WHAT THE TASK REQUIRES
Please copy exactly the part of the records below that opens with the line containing "Kit 4 Banquetas" and closes with the line containing "of the university.", leaving out any pictures.
[ENTRIES SUPPLIED Boundary: Start]
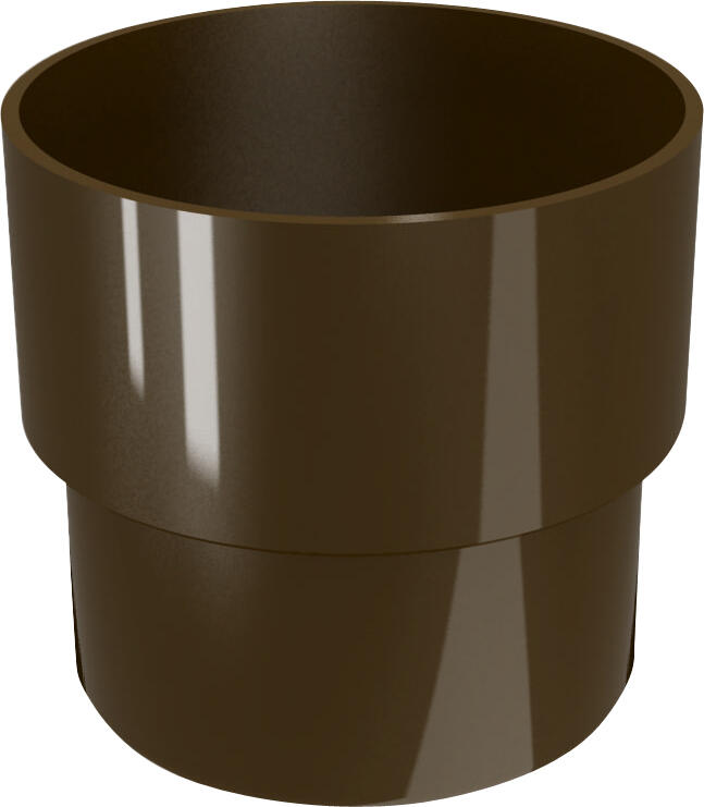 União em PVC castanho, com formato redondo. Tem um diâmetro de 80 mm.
[ENTRIES SUPPLIED Boundary: End]
[ENTRIES SUPPLIED Boundary: Start]
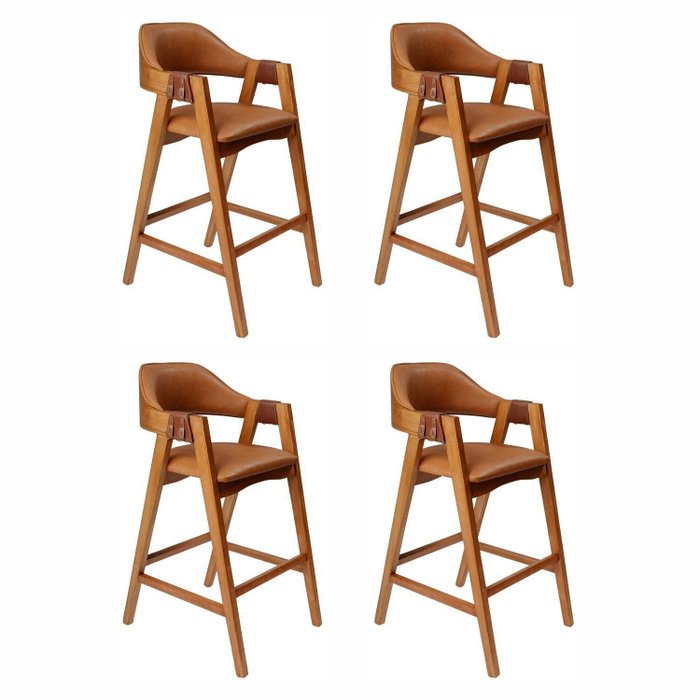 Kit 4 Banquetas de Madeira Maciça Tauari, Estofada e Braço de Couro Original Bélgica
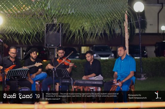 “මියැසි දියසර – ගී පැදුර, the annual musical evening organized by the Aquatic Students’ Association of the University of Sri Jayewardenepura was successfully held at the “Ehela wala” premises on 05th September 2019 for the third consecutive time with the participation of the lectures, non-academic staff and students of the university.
[ENTRIES SUPPLIED Boundary: End]
ANSWER TO THIS EXERCISE
 Kit 4 Banquetas de Madeira Maciça Tauari, Estofada e Braço de Couro Original Bélgica
 “මියැසි දියසර – ගී පැදුර, the annual musical evening organized by the Aquatic Students’ Association of the University of Sri Jayewardenepura was successfully held at the “Ehela wala” premises on 05th September 2019 for the third consecutive time with the participation of the lectures, non-academic staff and students of the university.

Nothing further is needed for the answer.